FAQ’s

What is Timebanking about and why should I care?

Timebanking is a way of connecting people to exchange services by trading time instead of money. Everyone’s hour is equal, and everyone has something to give, as the goal is to build a community based on reciprocity, where members help each other out.

If you like to volunteer, Timebanking is a way to get something back in exchange for your time. If you need help, the Timebank can be a place to go to find support. If you would like to meet new people, learn something new, or share a skill, Timebanking can connect you to others who are looking for the same thing.

I’ve never heard of this, has it worked in other places before? 

Dr. Edgar Cahn, a lawyer working for social justice, created timebanking in 1980 to empower disenfranchised communities. The nonprofit he founded in 1996, Timebanks USA, now has over 300 registered Timebanks. They have been used successfully to provide care for the elderly, educate children, and revitalize neighborhoods. The Hour Exchange Portland is a large, successful timebank in Portland, Maine that has provided us with free software and mentoring. Another thriving timebank in Media, PA has helped us plan and set up this organization. There are timebanks in Walnut Hill, Germantown, and Phoenixville, PA.

Internationally, active Timebanks exist in 26 countries. In the UK, there are around 250, and Timebanks in Greece are experiencing rapid growth as bartering for goods and services has begun to replace currency in the aftermath of the economic crisis.

Why here at Penn?

Timebanking is a great way to meet new people, practice your skills, and get support when you need it. It also allows you to try new things without committing to joining a club or paying for lessons. All of these are things we have wanted to do in college, so we decided to create a timebank as a student group to help us make these collaborations happen.
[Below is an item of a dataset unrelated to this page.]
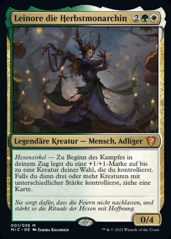 Languages Leinore, Autumn Sovereign Leinore, souveraine de l'automne 暮秋君王蕾諾爾 Leinore, Sovrana d'Autunno Leinore, soberana del otoño 暮秋君王蕾诺尔 Лейнора, Владычица Осени Leinore, Soberana do Outono 秋の君主、レノール Leinore die Herbstmonarchin

Cornell has Ithaca Hours, Philadelphia has Equal Dollars, and now Penn has a TimeBank. We are excited by how alternative currencies can strengthen communities and improve lives, and can’t wait to see how this plays out.

I’m already short on time, won’t this just be another commitment I can’t afford to make?

As a member, you can be as much or as little involved as you want. Many of the services people offer through Timebanking are things they would be doing anyways, for fun, to help out a friend, or to practice a skill. Timebanking helps you gain extra time because down the road, you can spend the Hours you’ve earned and have someone else do something for you that you can’t fit into your schedule or simply don’t know how to do!

Who can join, and will it cost me? 

Students, graduate students, and faculty can join the network by registering with their “upenn.edu” email address.

It is absolutely free to join and use, as the Hour Exchange Portland has provided us with free software and training, and the Kelly Writer’s House has provided us with funding for any additional expenses.

How do I keep track of hours? 

You can log your hours and search for services online using hOurworld online software. Accessing our online software is simple and easy and will be covered in member orientations. You can also view a tutorial on YouTube made by the Hour Exchange Portland, or check out this Software Guide.

Can people cheat?

Whenever one person earns an Hour, there is a corresponding debit for the same amount in someone else’s account, and both parties are notified that a transaction has been recorded. This makes it easy to know if someone is cheating or not.

Hoarding Hours serves no purpose anyways, since there is no penalty for having a negative balance (up to a certain point when your account switches to a mode where you can only earn), and you can only spend them an hour at a time.

Most importantly, this is a community built on the principle of reciprocity. No one is anonymous, so reputations are linked to good references and positive feedback.